▶
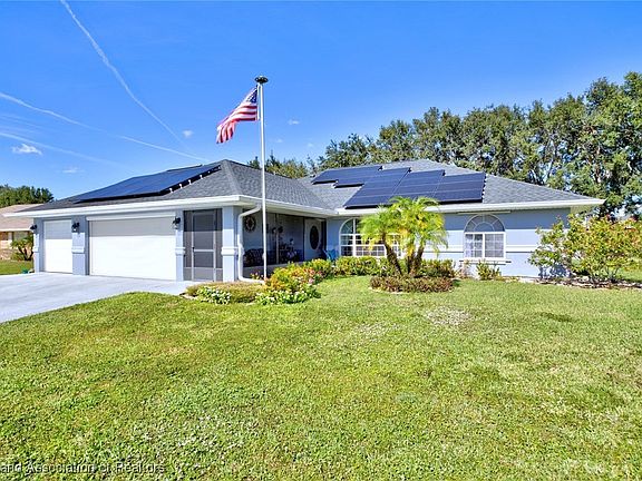 Lovely 3-bedroom, 2-bath home located in the desirable gated community of Tomoka Heights in Lake Placid, FL. As you enter through the front door, you’re welcomed by an expansive great room that seamlessly flows into the dining area and a beautifully designed kitchen. The kitchen features new, chef-friendly appliances along with abundant cabinetry and generous counter space—perfect for cooking and entertaining. The split floor plan provides excellent privacy for family and guests, while the Master Suite serves as a retreat of its own. The spacious 2-car garage also includes room for a golf cart, offering plenty of parking and storage options. This home has been thoughtfully updated with a new AC system, water heater, reverse osmosis system, and solar panels. Storm shutters are also included for added peace of mind. Tomoka Heights is a premier gated 55+ community offering a stunning community center, a fantastic in-ground pool area, dog park, fitness center, and an inviting neighborhood atmosphere.
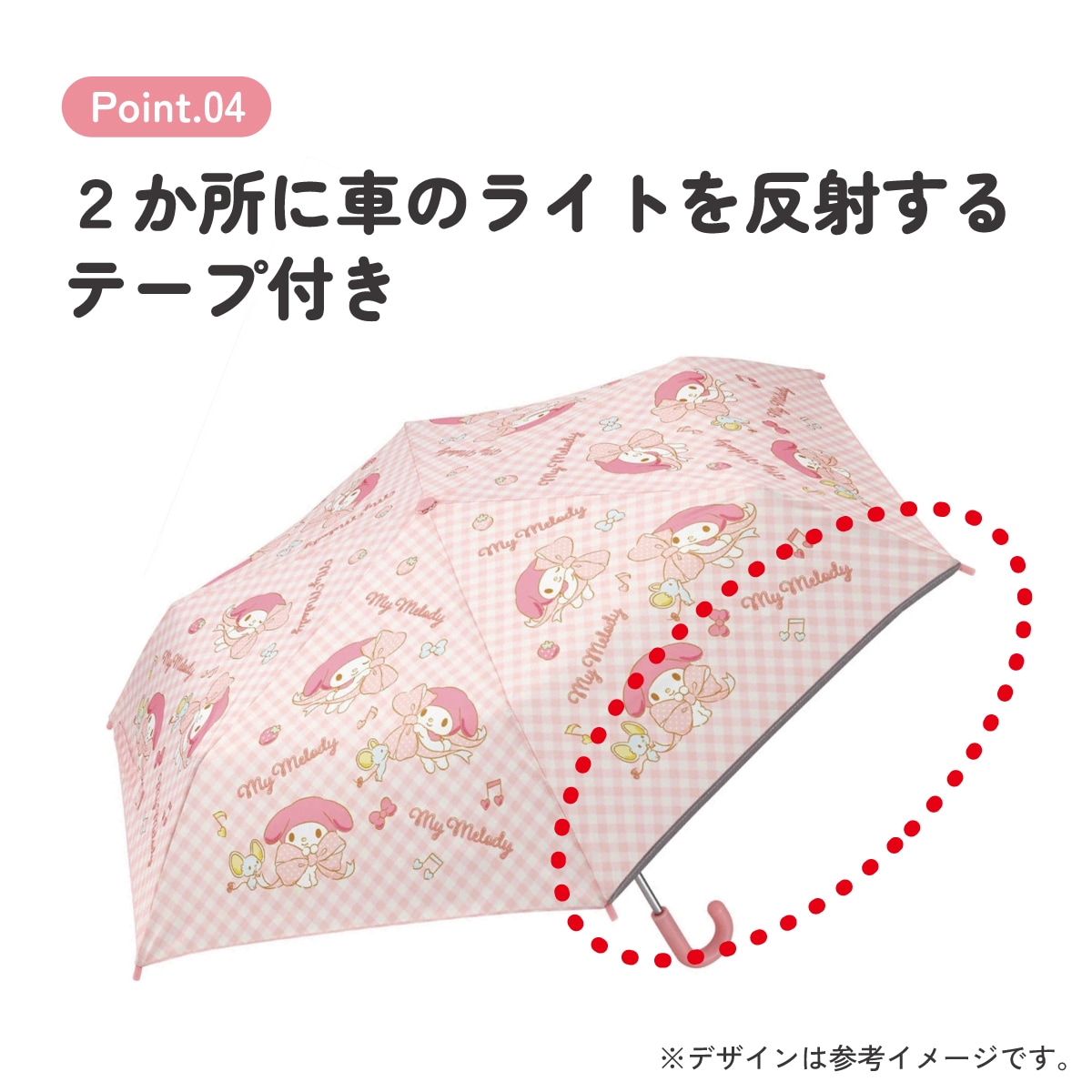 2か所に車のライトを反射するテープ付き。
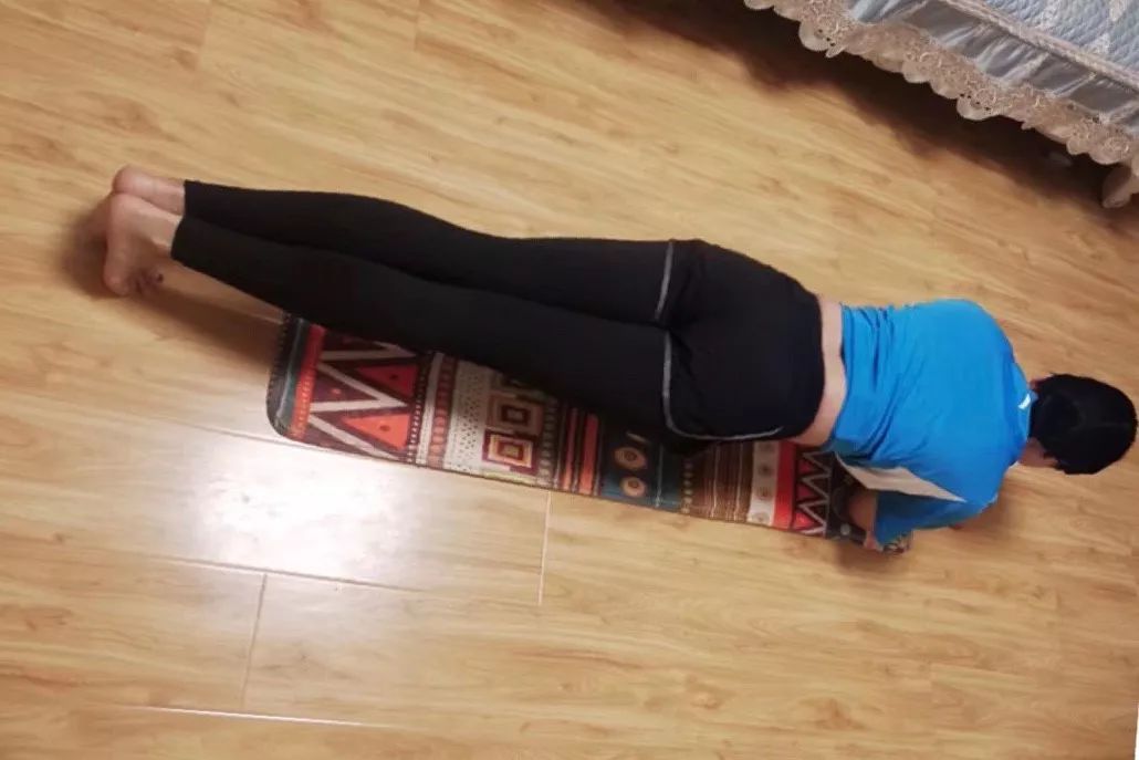 4.在床上做俯卧挺身,俯卧在床上,上体向上抬起,肚脐以上离开床面,然后还原。向上抬起时呼气,用2~4秒;向下还原吸气,用2~4秒。
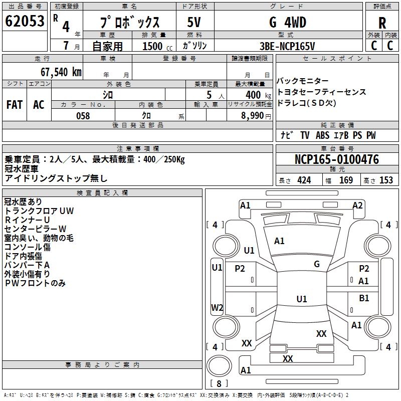 TOYOTA PROBOX G 4WD - лот 62053
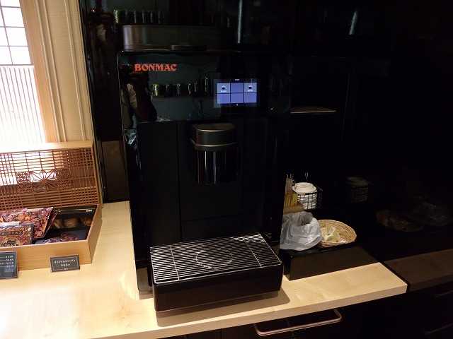 コーヒーは近鉄のひのとりと同じく挽きたてが楽しめるタイプです。まったりの3とほんのりの6の2種類が選べるようになっていて、香りが違います(^~^)。コーヒーマシンはBONMAC製で、UCC(上島珈琲)の系列会社です。
◀
Exercise:
Please repeat each record exactly and keep every picture out of the copy.

Expected output:
 Lovely 3-bedroom, 2-bath home located in the desirable gated community of Tomoka Heights in Lake Placid, FL. As you enter through the front door, you’re welcomed by an expansive great room that seamlessly flows into the dining area and a beautifully designed kitchen. The kitchen features new, chef-friendly appliances along with abundant cabinetry and generous counter space—perfect for cooking and entertaining. The split floor plan provides excellent privacy for family and guests, while the Master Suite serves as a retreat of its own. The spacious 2-car garage also includes room for a golf cart, offering plenty of parking and storage options. This home has been thoughtfully updated with a new AC system, water heater, reverse osmosis system, and solar panels. Storm shutters are also included for added peace of mind. Tomoka Heights is a premier gated 55+ community offering a stunning community center, a fantastic in-ground pool area, dog park, fitness center, and an inviting neighborhood atmosphere.
 2か所に車のライトを反射するテープ付き。
 4.在床上做俯卧挺身,俯卧在床上,上体向上抬起,肚脐以上离开床面,然后还原。向上抬起时呼气,用2~4秒;向下还原吸气,用2~4秒。
 TOYOTA PROBOX G 4WD - лот 62053
 コーヒーは近鉄のひのとりと同じく挽きたてが楽しめるタイプです。まったりの3とほんのりの6の2種類が選べるようになっていて、香りが違います(^~^)。コーヒーマシンはBONMAC製で、UCC(上島珈琲)の系列会社です。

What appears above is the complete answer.